4 nutritionist-recommended low-protein foods

4 nutritionist-recommended low-protein foods

According to a nutritionist, not everything you may believe to be a rich source of the macronutrient contains a significant amount of protein.

Along with carbohydrates and fats, protein is one of the three macronutrients that make up all of our diets.

It is crucial for overall health, but especially important for active persons and those who wish to lose fat or build muscle. It aids in muscle repair and growth, and its satiety keeps you full. In the United States, adults are advised to consume 0.8 grams of protein per kilogram of bodyweight every day.

A food historian stated in The Conversation that the prevalence of high-protein diets has increased since the early 2000s, when research revealed that protein could aid in weight loss. According to a survey by market research firm Statista, the global market for protein-containing food items is anticipated to surpass $70 billion by 2025, up from $52 billion in 2020.

Some food firms have added “high-protein” labels to their products due to the growing need for protein. Graeme Tomlinson, a qualified nutritionist, told Insider that such meals are not always as abundant in protein as they claim to be, and the label typically comes at a premium price.

Similarly, he stated that many whole foods that people believe to be good sources of protein are often not as rich in the macronutrient as they would want.

However, there is nothing wrong with these foods. “There are no ‘bad’ foods, but these are low in protein in relation to their caloric content,” Tomlinson explained. “It matters that they are rich in energy and low in protein because, which is the purpose, they are no longer protein-dense.”

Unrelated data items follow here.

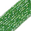 Стеклянные бусины,с покрытием AB цвета,граненые,двухконусные,зеленый лайм
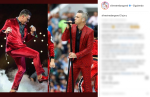 La comparación la hacen con el atuendo que se puso el urumitero días pasados en el lanzamiento de su nuevo álbum discográfico, Esto es vida, y la vestimenta que utilizo Robbie Williams este jueves en la inauguración.
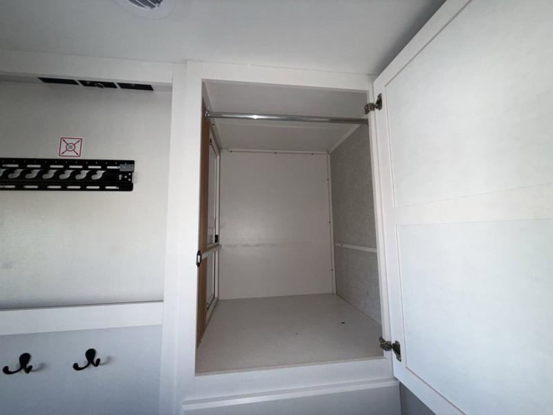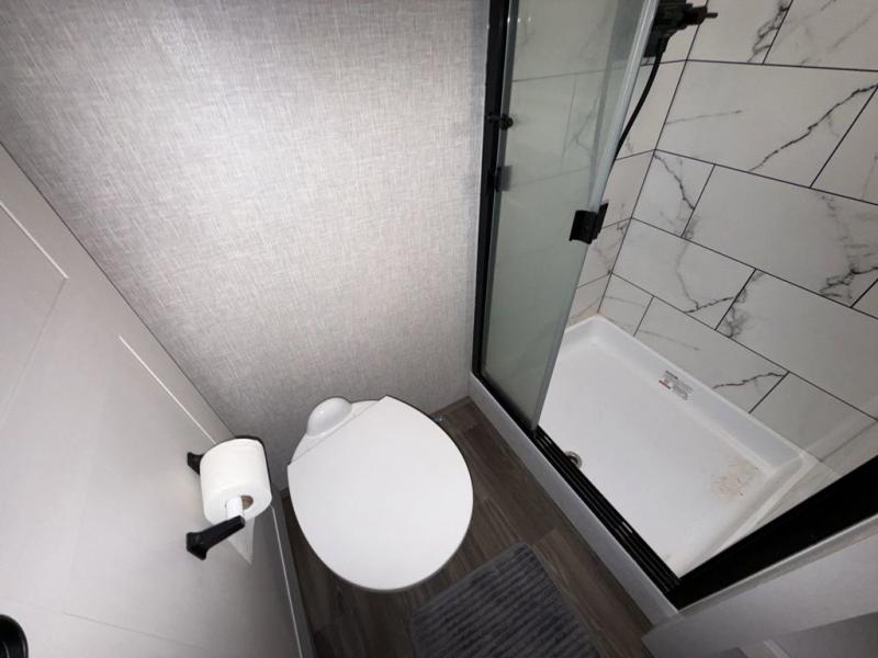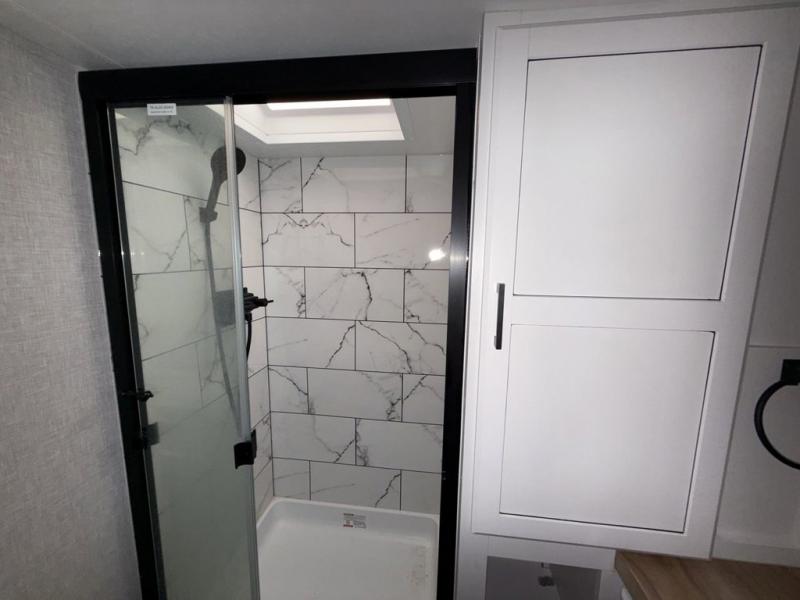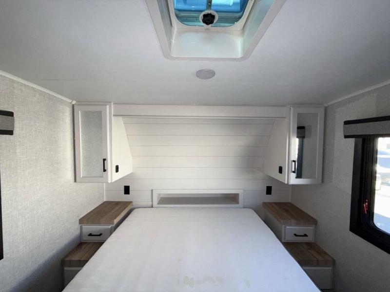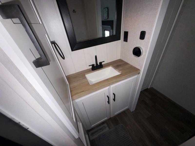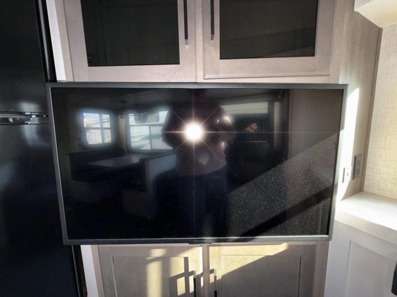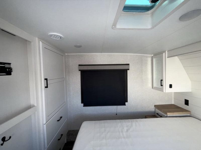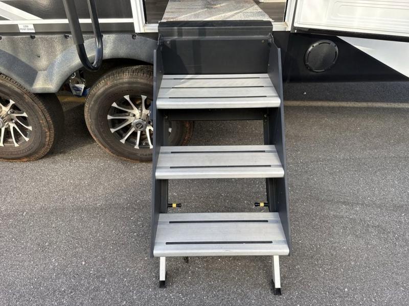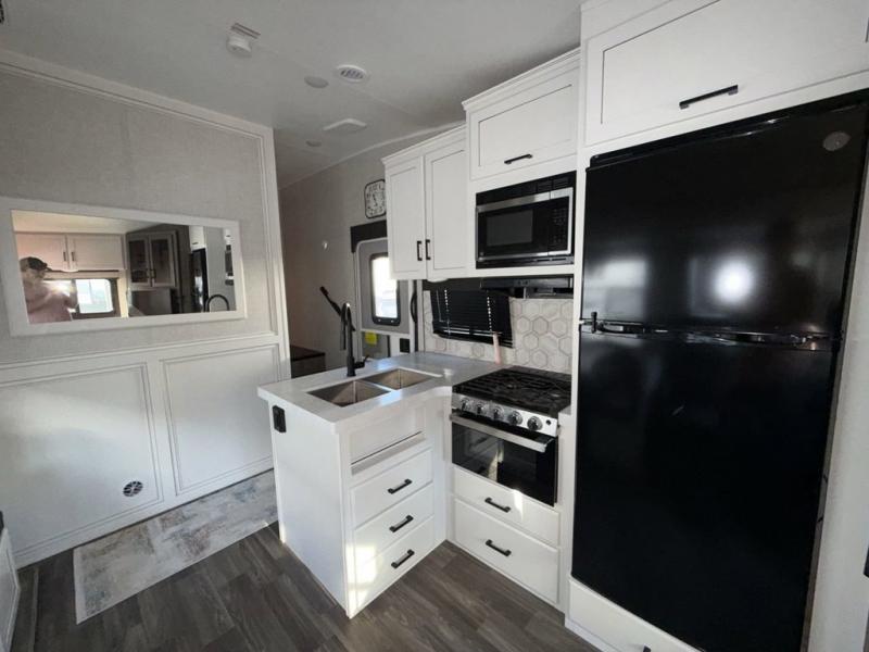 This is the perfect couple's fifth wheel since it features sleeping space for two up front! You can use the dual bedroom wardrobes to store your clothes in, and the full bath is close by so you can get ready each morning. After you've whipped up breakfast in the kitchen, you can dine at the table and chairs with bench seating, then relax with your coffee on the theater seat. There is an entertainment center across from the sofa for convenience, plus a hidden walk-in pantry behind the TV. You might even like to add the fireplace option to make it feel more like home!
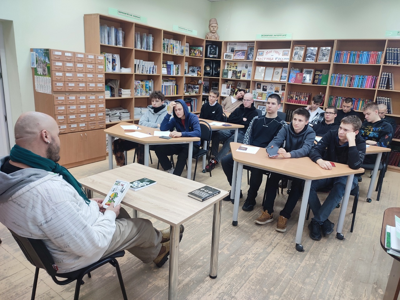 Учащимся показали, как работает книгохранилище, рассказали о профессии библиотекаря. Также их ждала встреча с писателем и музыкантом Павлом Тетериным. Он рассказал о себе и своем творчестве, провел краткий обзор книг «Новый альбом», «Последний альбом», «Бездна».
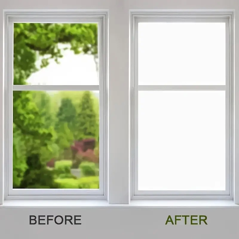Матовую оконную пленку, блокирующую УФ-излучение, можно использовать на окнах, стеклянных дверях или стенах в домах для обеспечения конфиденциальности и снижения вредного воздействия солнечных лучей.
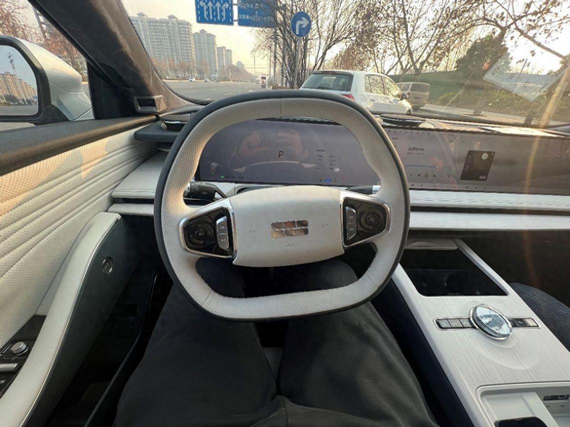 內飾第一眼看還是比較炫酷的,大長屏幕還是比較有特點的,但中控其他地方就沒太強的設計感了,做工用料倒是挑不出什么毛病。車機系統表現好評,無論是響應還是菜單邏輯都挑不出什么問題,整個大屏里的信息一起轉還是挺炫酷的,另外如果能給副駕駛前面的部分加個防窺就更好了。不過中間的旋鈕按壓操作居然是更改主題這種不常用的功能,有點無語。
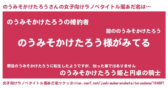 | 男性向けラノベタイトル風あだ名 | 『のうみそかけたろうの嫁は女の子じゃないと思った?』 |
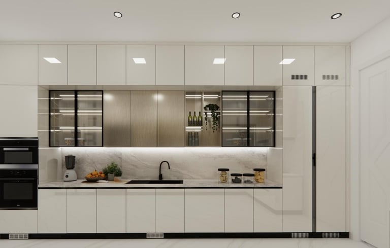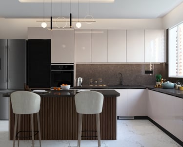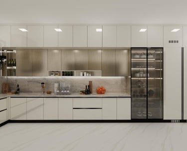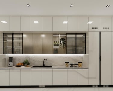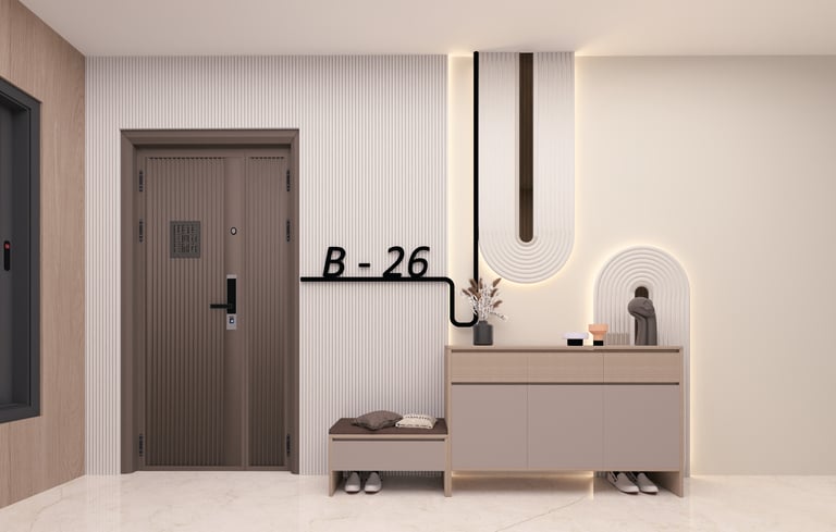 This residence located on the 26th floor was designed with a modern and minimalistic approach, focusing on clean lines and a refined aesthetic. The interiors highlight carefully planned lighting and elegant wall panels that add depth and character to the space. The design emphasizes simplicity, functionality, and a calm visual balance, creating a contemporary living environment while taking advantage of the elevated setting and views from the 26th floor.
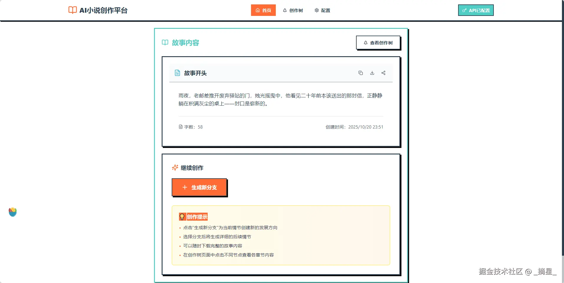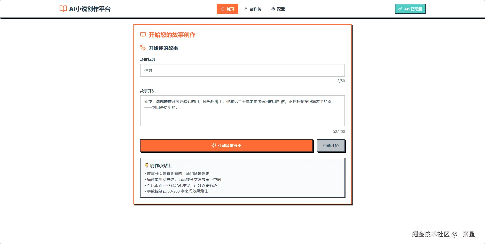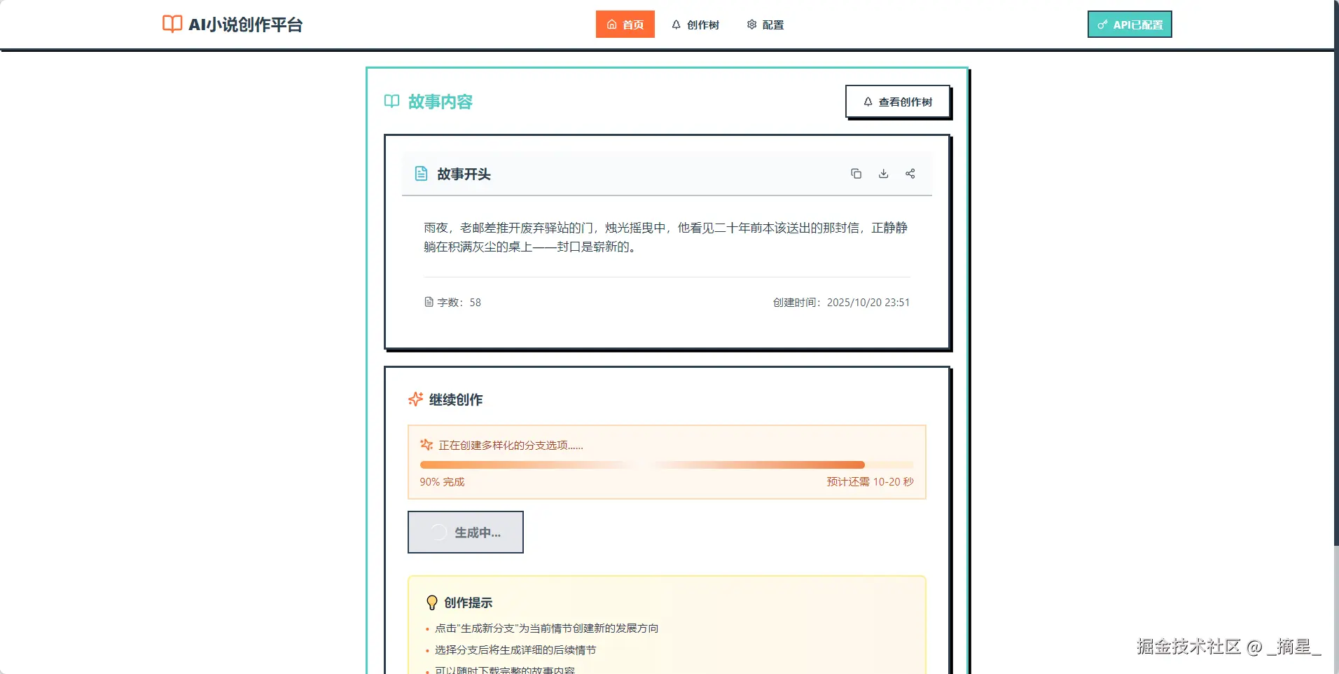 在"AI小说创作平台"这一应用中,我们正是依托 Trae Solo 的高效调度能力,结合 GLM-4.6 在叙事生成、情节延展与风格控制上的强大语言建模优势,实现了从用户输入的故事开头到多分支剧情概览、再到沉浸式章节内容的端到端智能创作。通过本地化 API 管理与无登录轻量架构,智谱大模型不仅为写作者提供了低门槛、高自由度的创作杠杆,更重新定义了 AI 驱动下互动式小说生成的新范式。
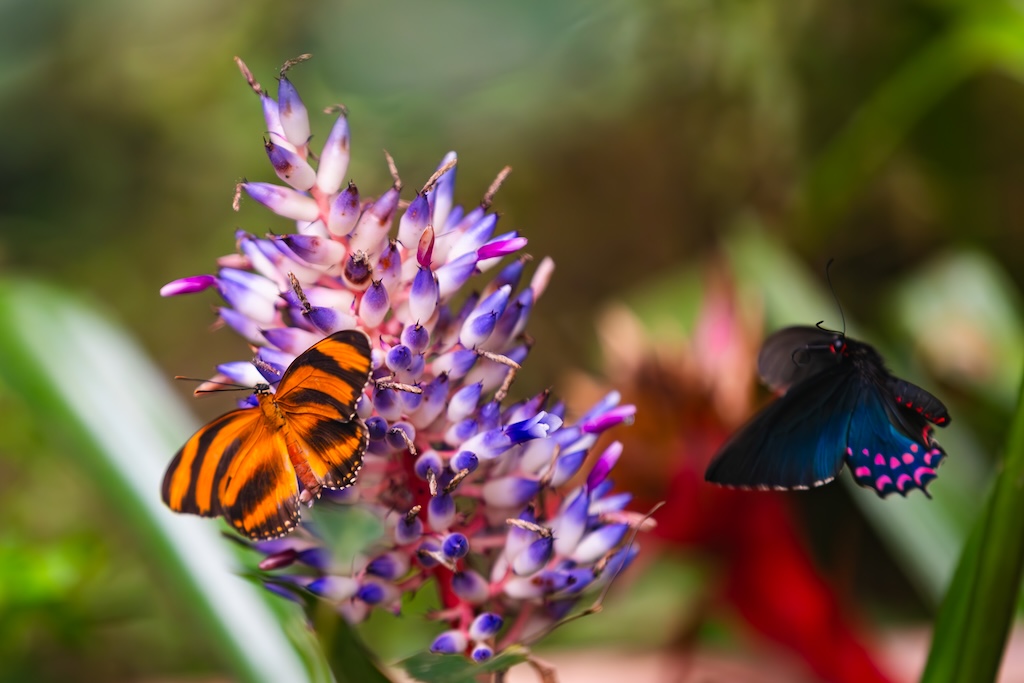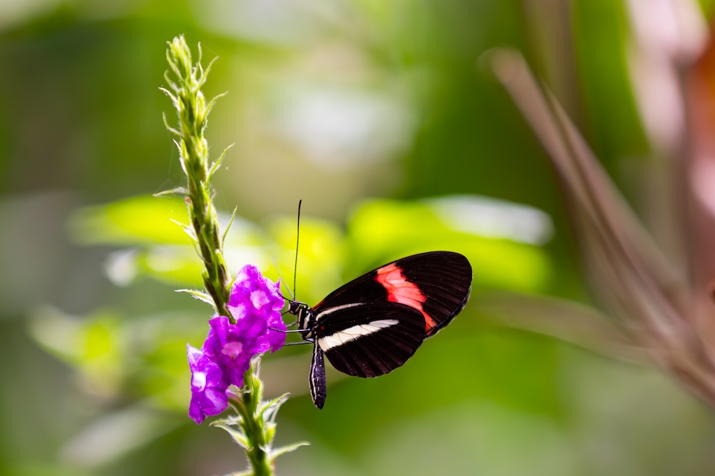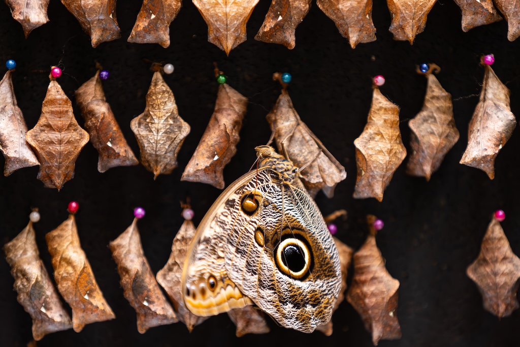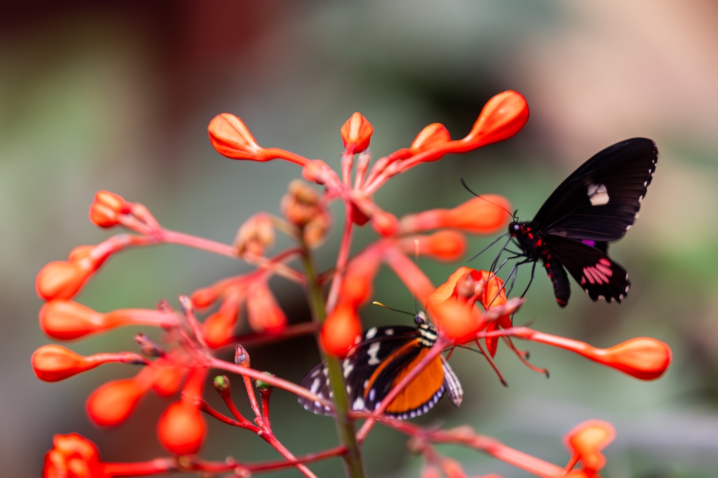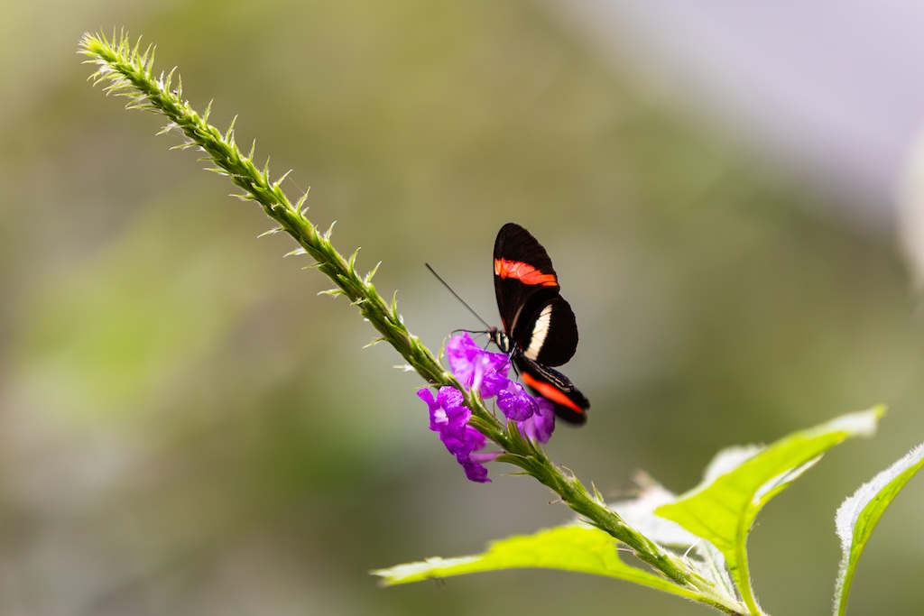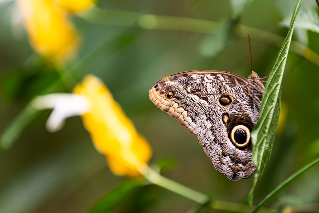 De gids zei dat de vlindertuin ook een echte aanrader was, dat vond iedereen erg leuk de vorige keer. Nou… het was gewoon een dichte koepel, zoals in de dierentuin waar vlinders gekweekt of gekocht worden. Erg teleurstellend, ik dacht aan een grote bloementuin met veel vlinders… Ik heb toch nog wat foto’s van de vlinders gemaakt, want ik had voor de wandeling over de bruggen en de vlindertuin 80 euro betaald, en gierig als een echte Hollander wilde ik dan ook wel even gebruik maken van de gelegenheid. Maar ik was niet heel blij vandaag. Kan gebeuren, maar voortaan vraag ik toch weer door naar de details in plaats van gewoon boeken wat de gids zegt.

A share from Graeme Tomlinson (@thefitnesschef_) on Twitter.

Focus on protein-rich foods such as Greek yogurt, lean meat, and eggs.

Tomlinson listed four foods that contain less protein than you might expect.

1. Nuts

According to Gabby Landsverk of Insider, nuts are a nutritious snack that include fiber, which promotes a healthy gut microbiota, as well as good fats.

Tomlinson states that they are also a source of protein, but you would have to consume quite a lot of them to have a sufficient amount of the macronutrient.

While nuts include a substantial amount of protein, they are also high in calories, according to Tomlinson. 100 grams of peanuts, for instance, have 30 grams of protein and 620 calories.

The USDA defines a serving of nuts as one ounce or 28 grams, or around a handful.

This may not be an issue for everyone, but if you’re trying to lose weight by adhering to a calorie deficit, keeping an eye on your portion sizes may be beneficial.

As reported by Insider’s Hilary Brueck, research indicates that human bodies do not absorb all of the calories in nuts, and they may be 15-25% lower in calories than previously believed.

2. Protein snacks

According to Tomlinson, there are numerous so-called protein snacks available in grocery shops today, but their marketing might be deceptive.

He cites a popular brand of protein bites in the United Kingdom, where he resides.

“Despite being promoted as a protein snack, these contain a pitiful four grams of protein for 132 calories,” he explained. For the same number of calories, two low-fat cheeses would provide you with four times as much protein.

A share from Graeme Tomlinson (@thefitnesschef_) on Twitter.

Tomlinson noted that some “protein” nut bars contain approximately 250 calories and only 10 grams of protein. Comparatively, 100 grams of chicken breast offers approximately 110 calories and 25 grams of protein.

Before purchasing, remember to read the nutritional information, he warned.

3. Protein bagels and breads

Tomlinson stated that “high protein” bread products, such as loaves and bagels, typically contain little more protein than “normal” varieties.

Tomlinson makes reference to a protein bagel thin as an illustration.

“Eight grams of protein per 160 calories seems to be a reasonable ratio,” he said. “However, traditional bagels contain approximately 230 calories and nine grams of protein. Is it worth substituting your favorite ordinary bagel for a high-protein bagel? Not at all”

4. Peanut butter

As with whole nuts, peanut butter contains healthful fats, energy, and a small amount of protein, but it is nowhere near as protein-rich as people anticipate.

Many have praised it as a high-protein snack as well as the healthiest food of the 2010s, according to Tomlinson. “However, although being rich in nutrients, its protein profile is identical to that of peanuts; it is calorie-dense but not at all protein-dense.”

A 15 gram portion of peanut butter (about one teaspoon) includes around four grams of protein and 95 calories.